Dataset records
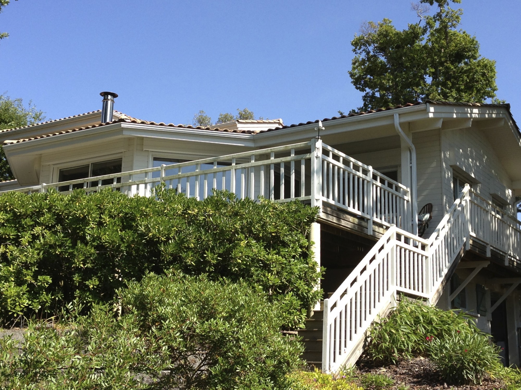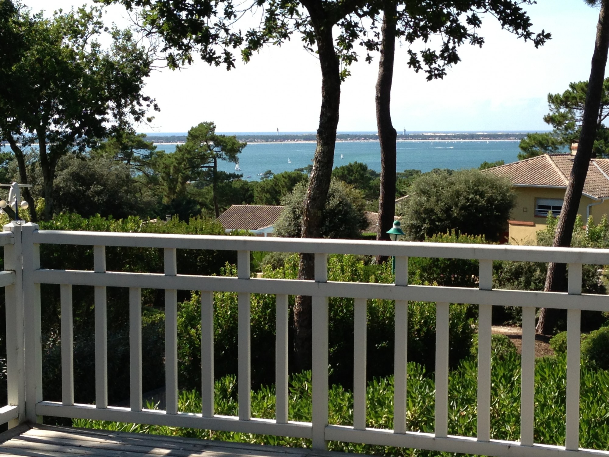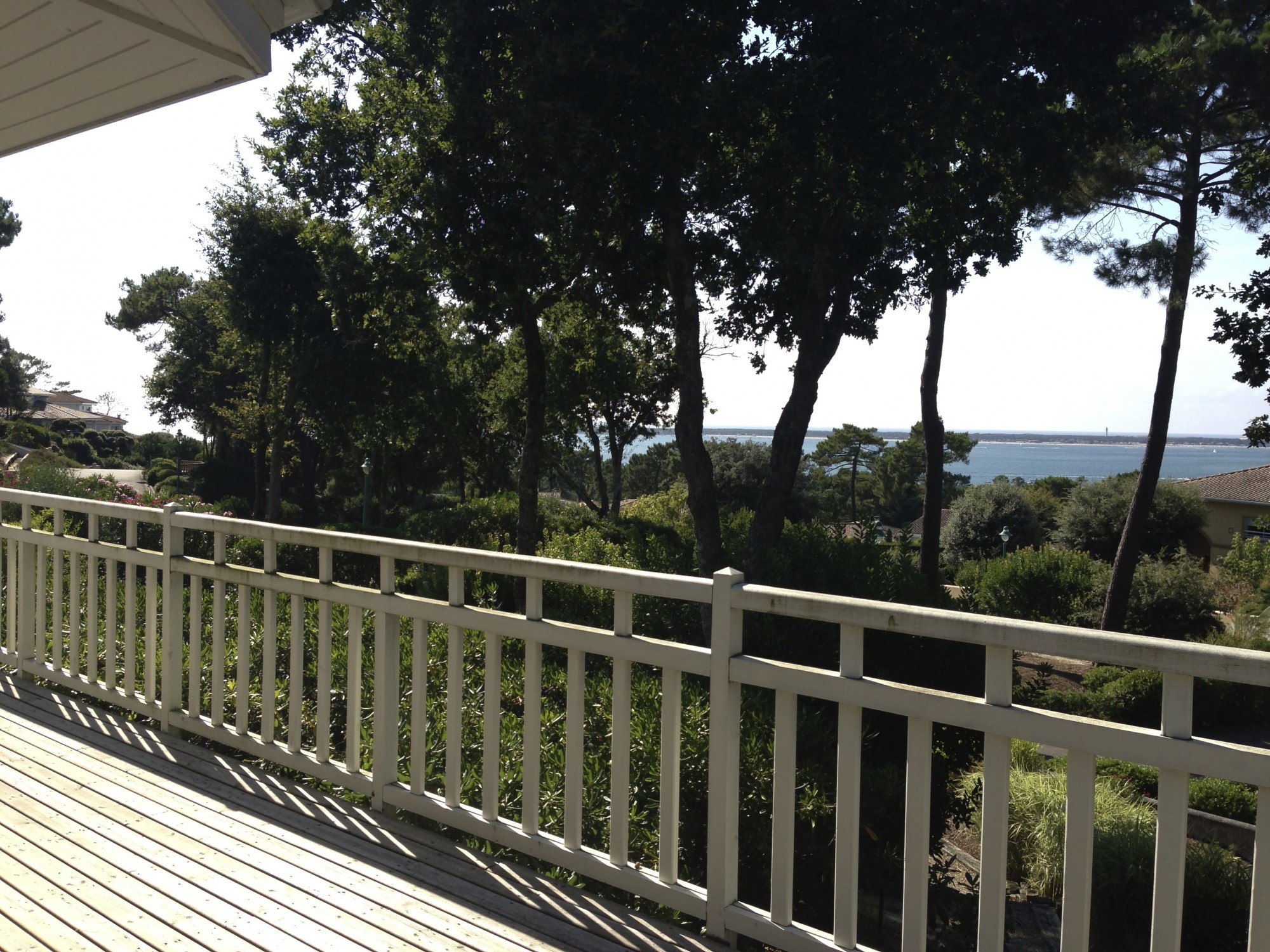 De part sa position dominante sur les hauteurs de l'Eden du Pyla - secteur Cercle de Voile, le vaste deck de 70 m2 offre une vue unique sur la mer.
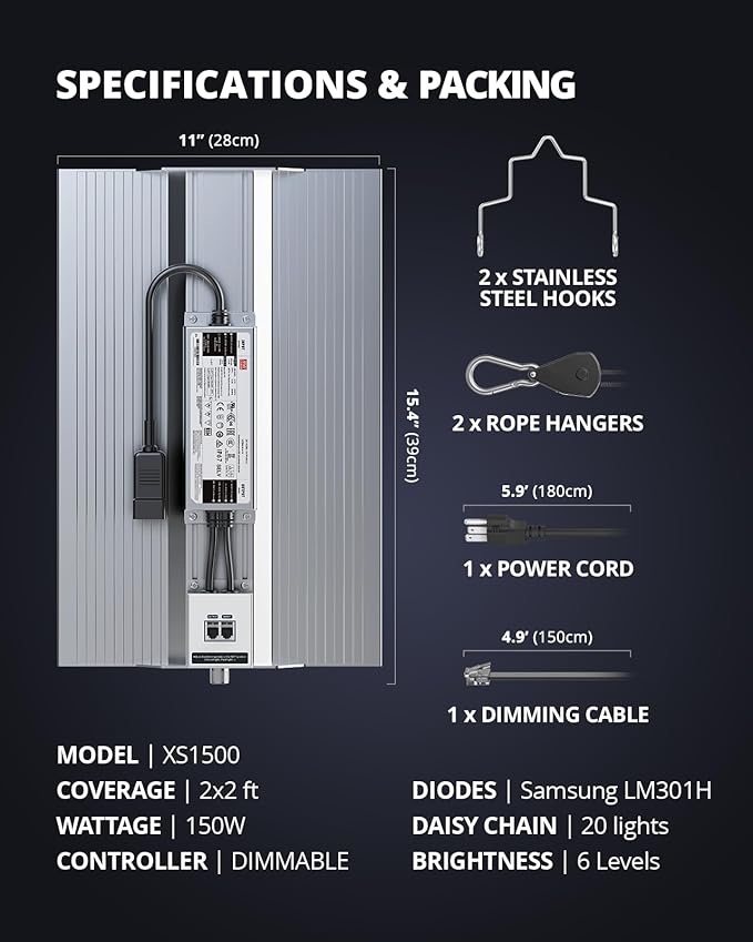 • Low Energy Low Costs: Compared to traditional 250W HPS/MH, XS1500 plant lights for indoor growing draws only 150W, boosts yields by 30% and cuts running costs; perfect for 3x3 ft veg & 2x2 ft flowering; adjust the height & brightness to suit plants' needs
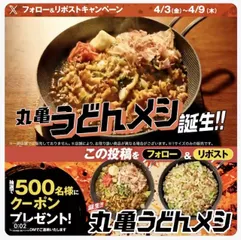うどんとごはんをソースで焼いたッ?キャンペーン2日目🔥✨ 丸亀製麺のX公式アカウントの「うどんとごはんをソースで焼いたッ?キャンペーン」、2日目がはじまりました。応募方法は簡単。@UdonMarugameをフォローし、該当の投稿をリポストするだけです。抽選で500名に、500円引きクーポンが当たります。2日目の応募期限は4/5(日)13:59まで!応募しな
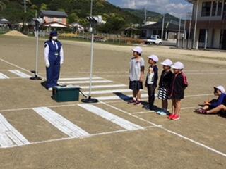 1校時は1~4年生を対象に交差点の渡り方について教えていただきました。
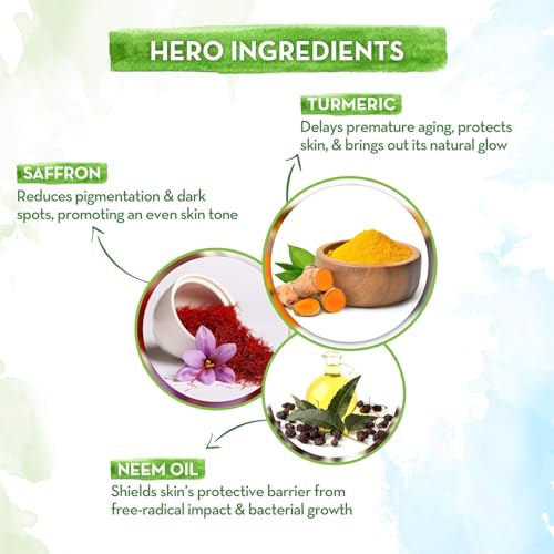 - GENTLY EXFOLIATES: Welcome gentle exfoliation with a silicone brush and revered natural ingredients like Turmeric and Saffron. With foam texture, the Face Wash deeply penetrates the skin pores, resulting in skin that’s visibly clear and healthy.
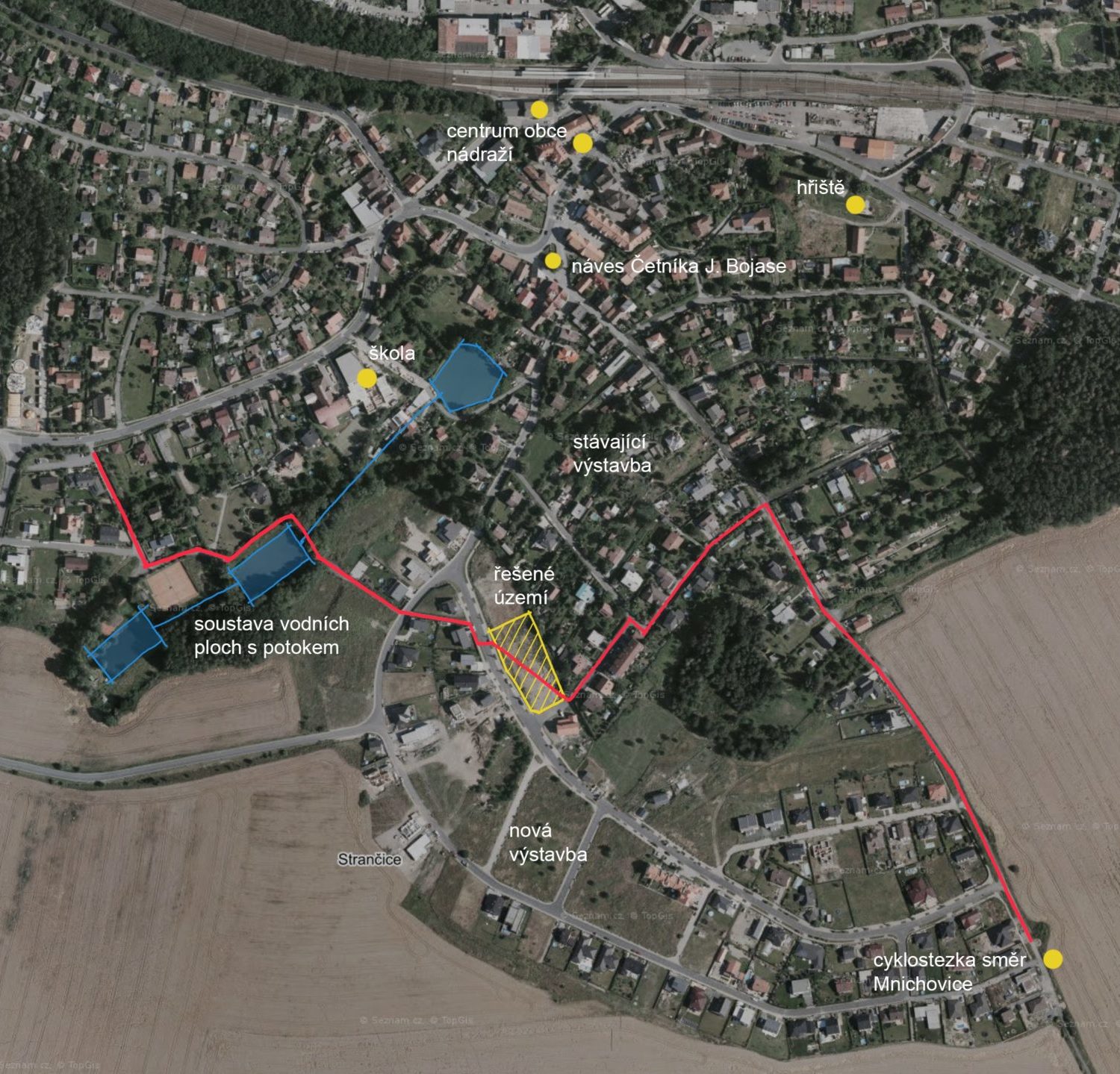Svoji polohou představuje řešené území spojovací bod na pěší trase mezi fotbalovým hřištěm, bývalým koupalištěm, tenisovými kurty, rybníkem na potoku Čerávka a cyklotrasou č. 0020 vedoucí ulicí Na Vráž směrem do Mnichovic. Od kurtů k ulici Pod Horkou tak vzniká prostor primárně sloužící pěším o celkové délce 450m. Díky svojí blízkosti nádraží a centru obce – docházková vzdálenost 10 minut – může prostor sloužit všem obyvatelům Strančic.

◆ Exercise description: Pictures stay out. Return exactly the lines from the one with "1校時は1~4年生を対象に交差点の渡り方について教えていただきました。" through the last line of the data.

◆ Solution to the exercise:
 1校時は1~4年生を対象に交差点の渡り方について教えていただきました。
 - GENTLY EXFOLIATES: Welcome gentle exfoliation with a silicone brush and revered natural ingredients like Turmeric and Saffron. With foam texture, the Face Wash deeply penetrates the skin pores, resulting in skin that’s visibly clear and healthy.
Svoji polohou představuje řešené území spojovací bod na pěší trase mezi fotbalovým hřištěm, bývalým koupalištěm, tenisovými kurty, rybníkem na potoku Čerávka a cyklotrasou č. 0020 vedoucí ulicí Na Vráž směrem do Mnichovic. Od kurtů k ulici Pod Horkou tak vzniká prostor primárně sloužící pěším o celkové délce 450m. Díky svojí blízkosti nádraží a centru obce – docházková vzdálenost 10 minut – může prostor sloužit všem obyvatelům Strančic.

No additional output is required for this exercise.